To learn more about earthquake-damaged buildings in Haiti and how PADF is tagging them, please visit http://www.imunitedforhaiti.org/ to see a video with Kit Miyamoto.
Protecting the most vulnerable
PADF's successful, three-year-old Protecting Human Rights (PHR) program has expanded its scope to focus on the needs of the most-vulnerable Haitians, particularly those in the camps.
PADF brought together its grassroots partners and provided them with training and additional resources to meet the post-earthquake challenges. Together, they are providing psychological support, medical care, safe housing and legal aid to the victims of violence and exploitation. It is funded by USAID.
Trafficking of women and children, which has been a serious problem in Haiti, was exacerbated after the earthquake. PADF has expanded its anti-trafficking program to cover more communities, including rural areas and the border.

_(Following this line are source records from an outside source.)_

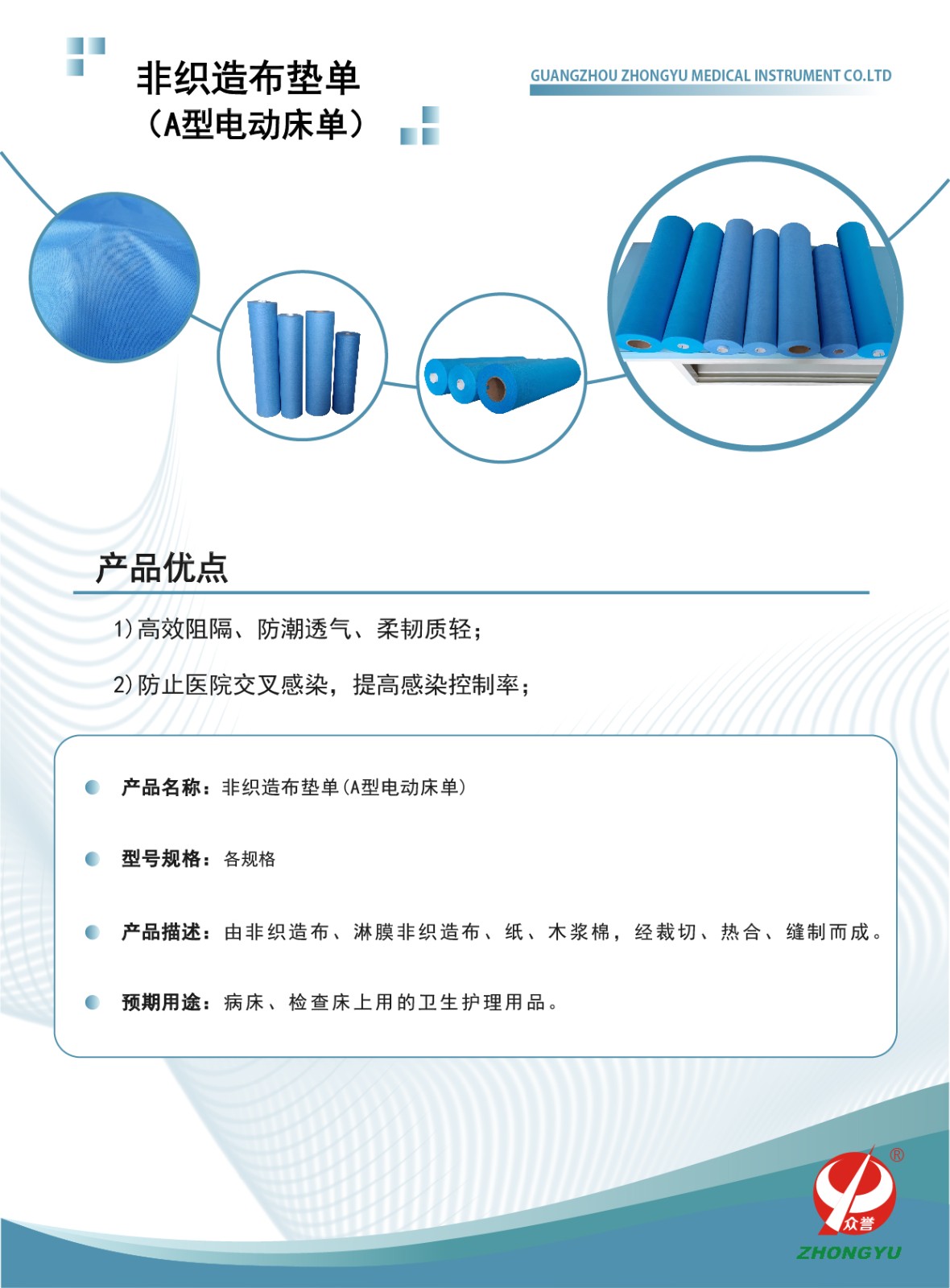 非织造布垫单 非织造布垫单 产品型号:A型(电动床单) 产品规格:各规格 产品描述:A型垫单由淋膜非织造布裁切加工制成。高效阻隔、防潮透气、柔韧质轻。防止医院交叉感染,提高感染控制率。 产品特点 上一篇:非织造布垫单 下一篇:没有了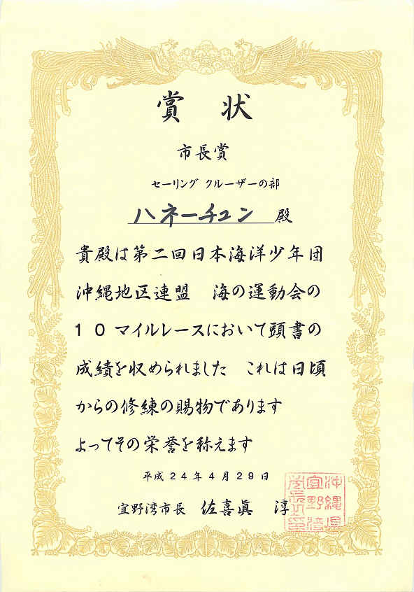 昨年から係留先の宜野湾マリーナで開催されているヨットレースで、なんと!2連覇されたそうです!!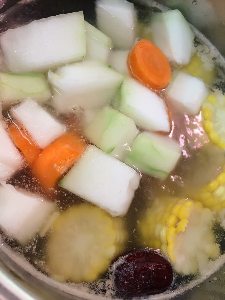 今天流鼻血,到了中午正好想起好久没煲汤了,就让麻麻帮忙买了材料,自己磨刀嚯嚯准备着,因为家人不爱吃鸡精味精什么的,所以就要用材料来调味让汤鲜美。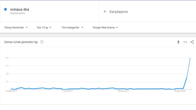 IGH’te araştırma yapan doktorlardan birinin ahtapot DNA’sını incelediği ve bunun üzerine çalıştığı söylendi. Ahtapotların DNA’larının benzersiz olduğunu paylaşan dizi bu konuda da yanılmıyor. Oldukça benzersiz DNA’ya sahip olan ahtapotlar araştırmacıları büyüleyebiliyor. Tabii dizinin ardından izleyicileri de etkilemiş gibi görünüyorlar. Zira bir yıldır tek tük aranan “octopus dna” Jessica Jones’la beraber ciddi bir artış göstermiş. Arama trendlerinde görüntüleyebileceğiniz verilere göre diziyi izleyen Google’da araştırmalara başlamış gibi görünüyor. Dizinin 2. sezon fragmanını haberin devamında izleyebilirsiniz.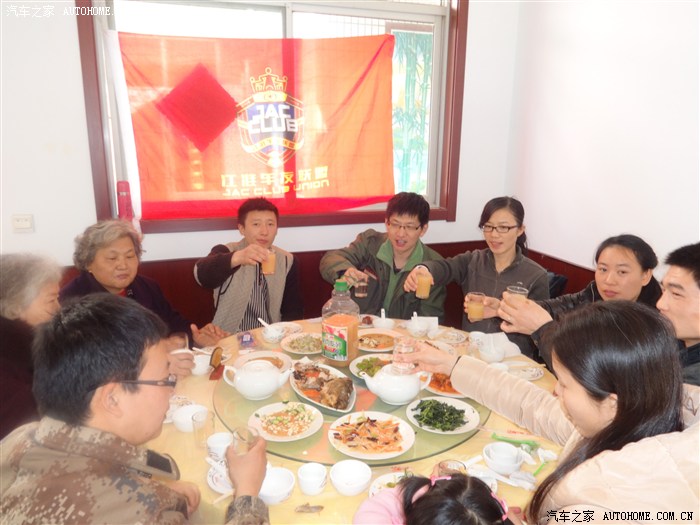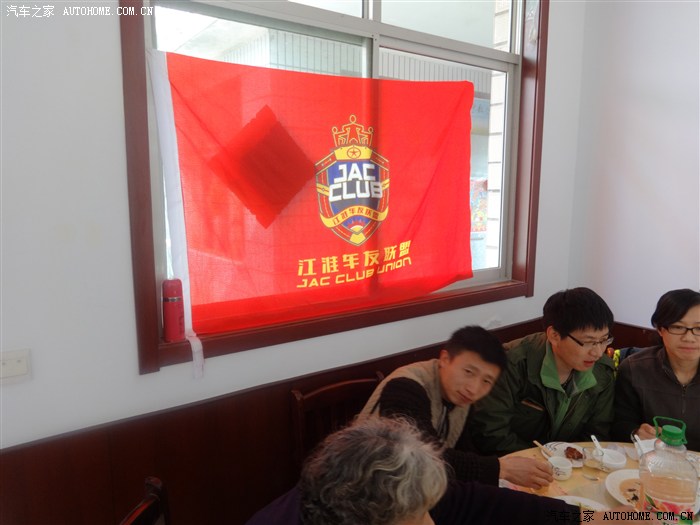 在鹿泉服务区内合影-分别河北江淮悦悦车友会江淮车友联盟旗帜,汽车之家河北悦悦车主营旗帜,石家庄江淮荣华4s店条幅!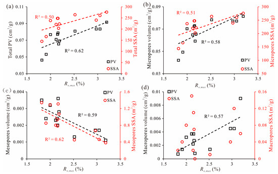 Relationships between Ro,max and total PV and SSA (a), micropore PV and SSA (b), mesopore PV and SSA (c), and macropore PV and SSA (d).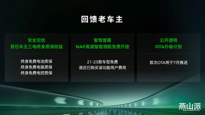 2、即日起能够支持使用NAP高速智能领航功能的老款车型,未来将全部免费开放,前期购买过该功能的用户零跑将退还相应费用!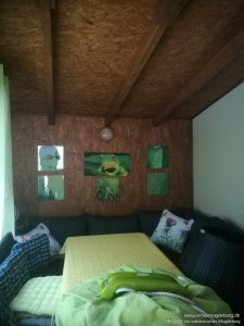 Dazu gehört noch ein ausgebautes Gartenhaus mit Kamin.
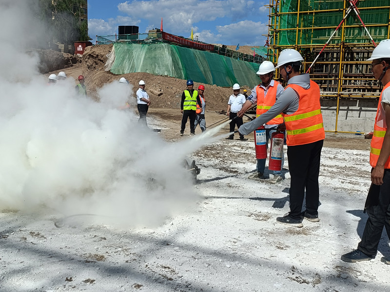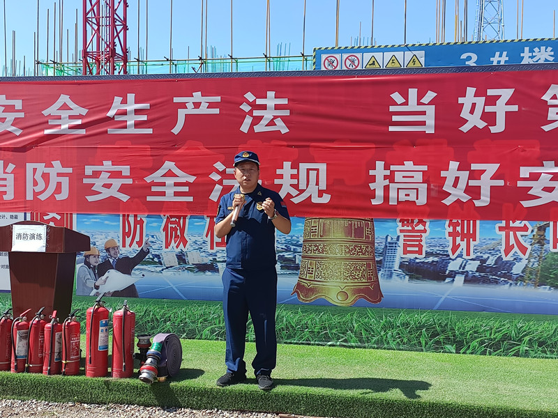在施工现场,县消防大队会同项目部人员开展了消防应急救援演练活动,模拟发生火情后,组织区域安全警戒、现场灭火处置、解救受困人员等场景。整个演练按照预定方案紧张有序实施,救援过程迅速、及时、有效。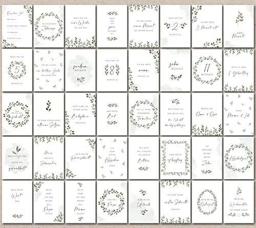 EINZIGARTIGES DESIGN: Unsere liebevoll gestalteten Baby Monatskarten mit schlichten Olivezweigmotiven im Greenery-Stil sind geschlechtsneutral und eignen sich somit perfekt für Mädchen und Jungen.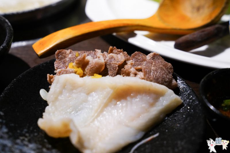 供應的菜盤豐盛且大份,話說還有有芋頭丸跟花枝漿耶,躲在後面的則是有機蔬菜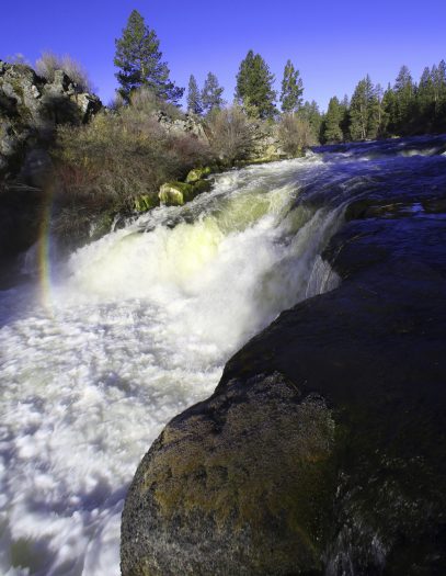 Dillon Falls, which is within Deschutes National Forest, features a large drop followed by a series of rapids that surge through a narrow gorge of lava rock.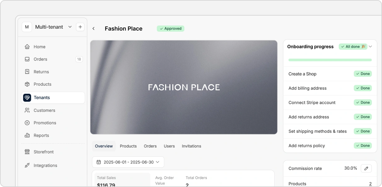 Tenants can manage products, orders, customers, promotions, and reports from a tenant dashboard. Customize the tenant experience to your use case.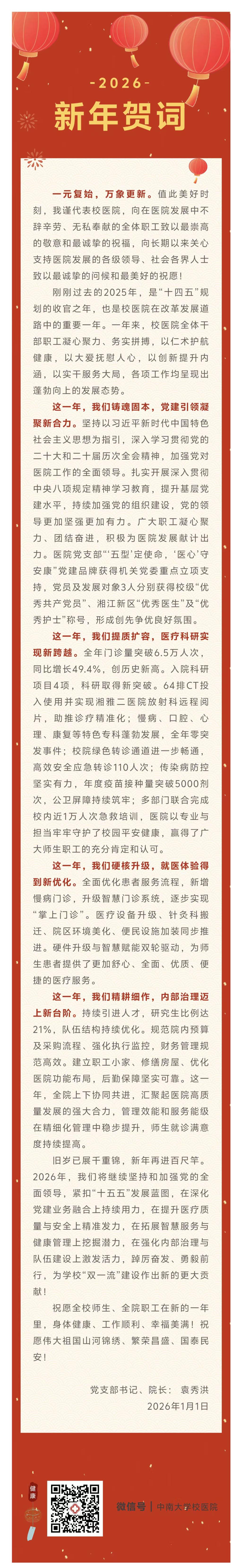 中南大学校医院2026年新年贺词
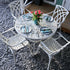 The Flora 4-seater garden furniture set is very aptly named as it features an abundance of flowers and foliage in its intricate design. Beautifully crafted in cast aluminium, this stunning table is bound to become the centrepiece of any outdoor space. The Flora dining set comes with 4 comfortable April chairs as standard, but you can also customize it with your choice of seating. The white finish is cool and fresh and works well in a variety of settings.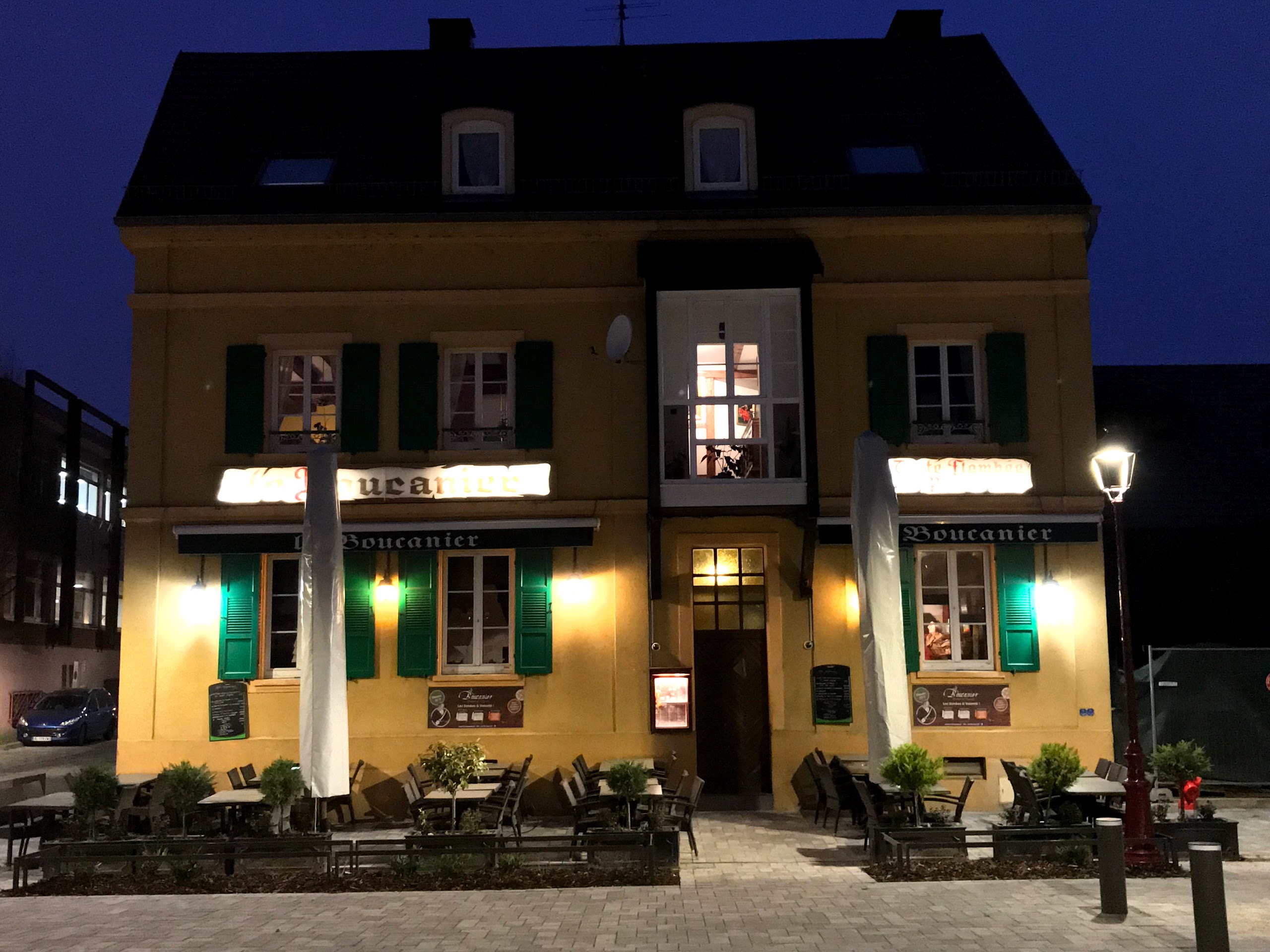 En déplacement avec deux collègues (conducteur de cars), nous sommes arrivés tard et nous avons été accueillis chaleureusement malgré le nombre important de client et l'heure tardive. Le cadre au calme sur une petite place agréable, intérieur est décoré avec soin et le personnel est accueillant chaleureux et souriant. Des pizzas et les salades sont très bonnes et les desserts maison sont aussi excellents. Du coup, nous y sommes allés deux jours de suite. Si vous passez à Schiltigheim n'hésitez pas à aller au boucanier vous ne serez pas déçu et très agréablement surpris. Merci à l'équipe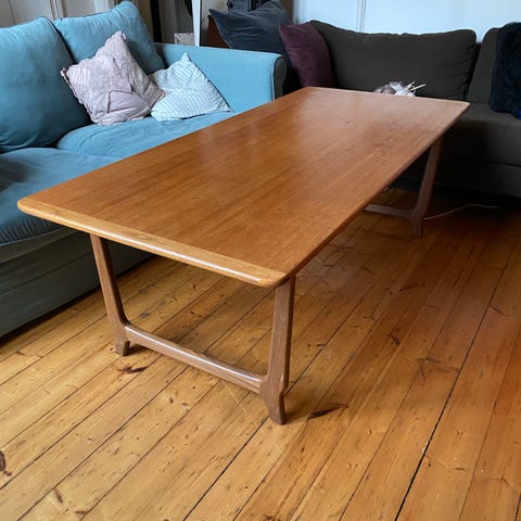 Solid og stødig salongbord i teak. Dessverre fått noen riper i bordplata ellers pent og i orden.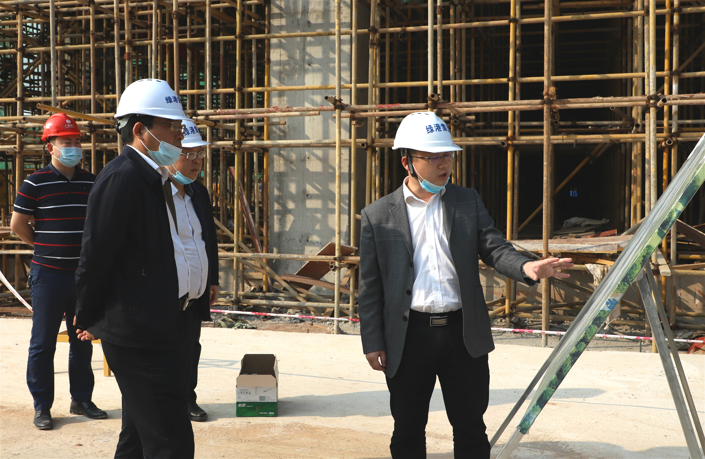 南寧市副市長朱會東到項目現(xiàn)場了解項目建設(shè)情況,綠港集團董事長龔國強陪同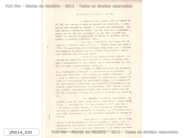 jf0014_020 | 1978 | Problema do aumento das anuidades, abandono dos cursos pelos alunos e a decadência geral do ensino. |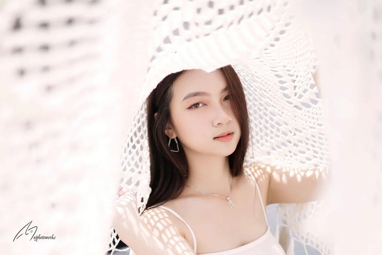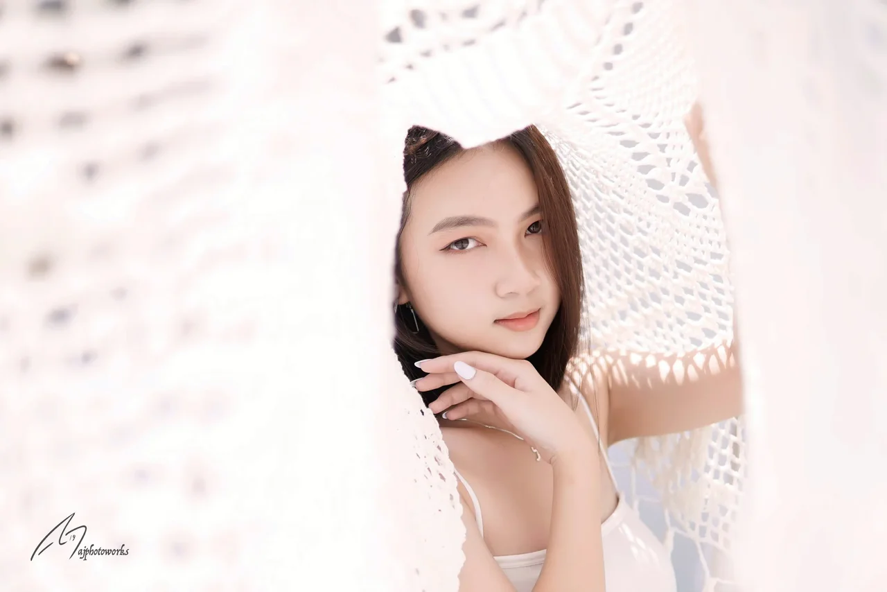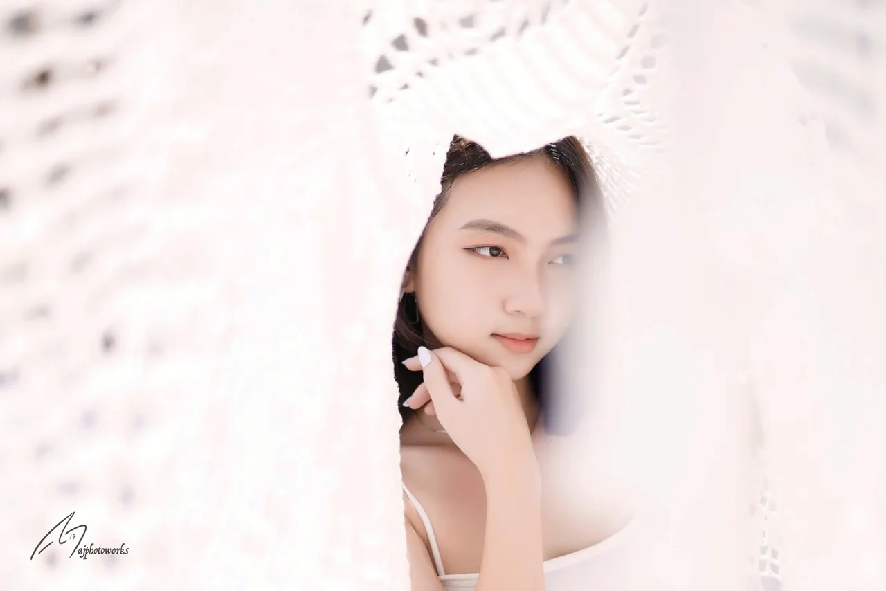 A delicate interplay of light and shadow envelops a serene portrait, capturing elegance in simplicity and texture.
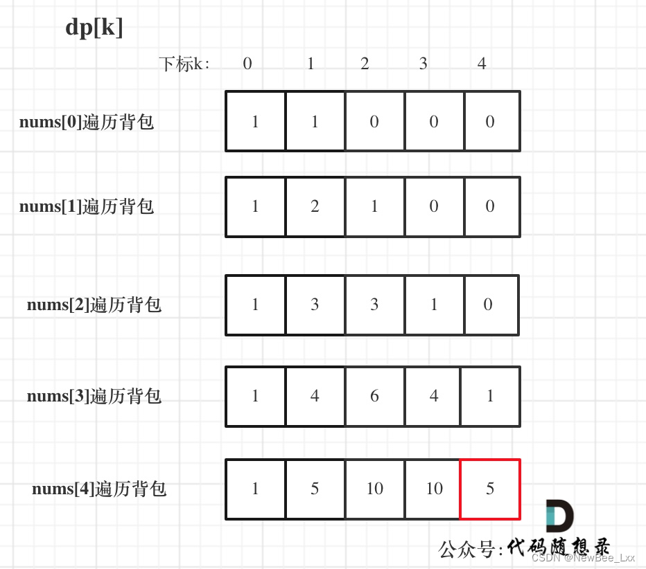 dp[j] 表示:填满j(包括j)这么大容积的包,有dp[j]种方法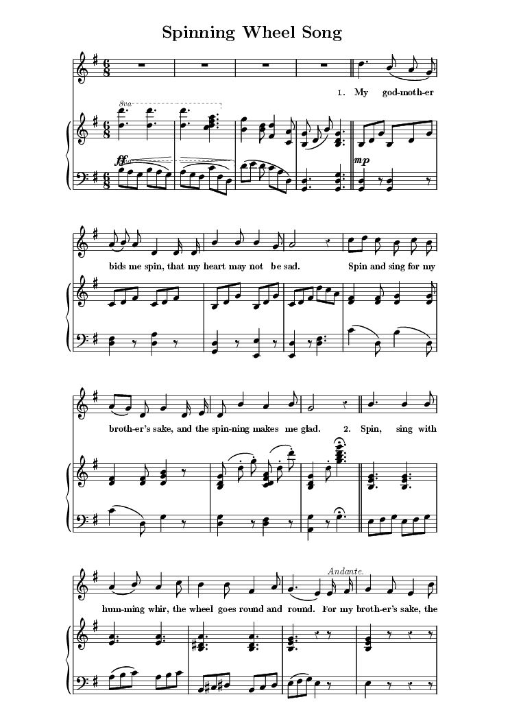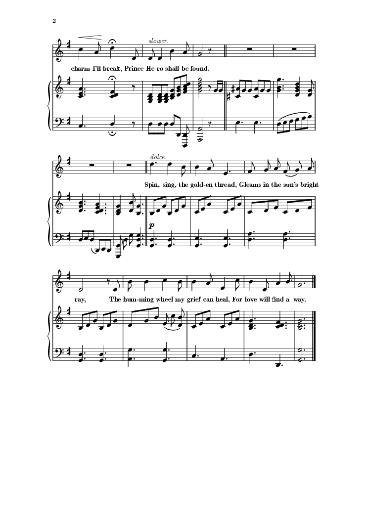 Scene I. In the Tower Room. Princess Winsome and Hero. Godmother brings spinning-wheel on which [pg 4] Princess is to spin Love's golden thread that shall rescue her brother. Dove comes with letter from Knight. Flower messengers in turn report his progress. Counting the Daisy's petals the Princess learns that her true Knight has found the flute.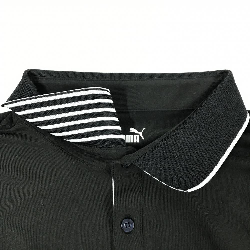 【超美品】プーマ 半袖ポロシャツ 黒×白 襟裏ボーダー ロゴ メンズ XXL ゴルフウェア 大きいサイズ PUMA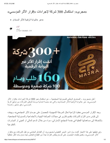 8/7/25, 9:52 AM «ﻲﺳﺳؤﻣﻟا رﺛﻷا رارﻗإ» تاءارﺟﻹ ﺔﻛرﺷ 300 لﺎﻣﻛﺗﺳا :«ىرﺟﻣ»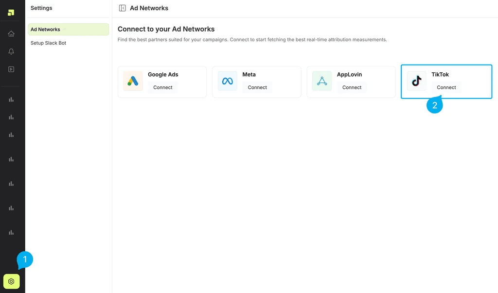 Locate TikTok under the available ad networks and click "Connect."

One Haitian NGO in Petit-Goâve praised PADF for its anti-trafficking work and the need to expand the program.
"Following the Jan. 12th quake, several families gave their children to the ‘highest bidder,' fearing the worst for their sons and daughters," said Jocelyn Jean, the secretary general of ASIDEP, on July 2. "However, in the rural areas where [PADF] trained the communities on [anti-trafficking in persons], the children are still living with their families."
To learn more about PADF's PHR program, please visit http://www.imunitedforhaiti.org/ for stories and videos.
Communities deciding their future
Involving Haitians – especially the poorest – in the post-earthquake economic redevelopment process is a key element in PADF's reconstruction strategy.
One of PADF's largest and most-successful programs teaches communities to prioritize, selected and monitor projects that directly affect their quality of life. Called Community Driven Development, it provides grants to start the selected projects.
Today, PADF is working with more than 360 community-based organizations in 14 Haitian districts—all located in some of the poorest areas—that have identified or are operating in excess of 700 sustainable projects. Now in its third year, PADF implements the program on behalf of the Haitian government. It is funded by the World Bank.
How to help
Actor Jimmy Jean-Louis, who is originally from Haiti, returned to the island on July 9 to survey the situation and encourage continued donations from individuals and companies to support the rebuilding process.
"The suffering of my fellow countrymen is no longer front-page news, but it is still very much a reality," he says. "It's unimaginable that Haitians have to live under tarps, bed sheets and even pieces of cardboard. With your help, they can have a dignified life in a safe home."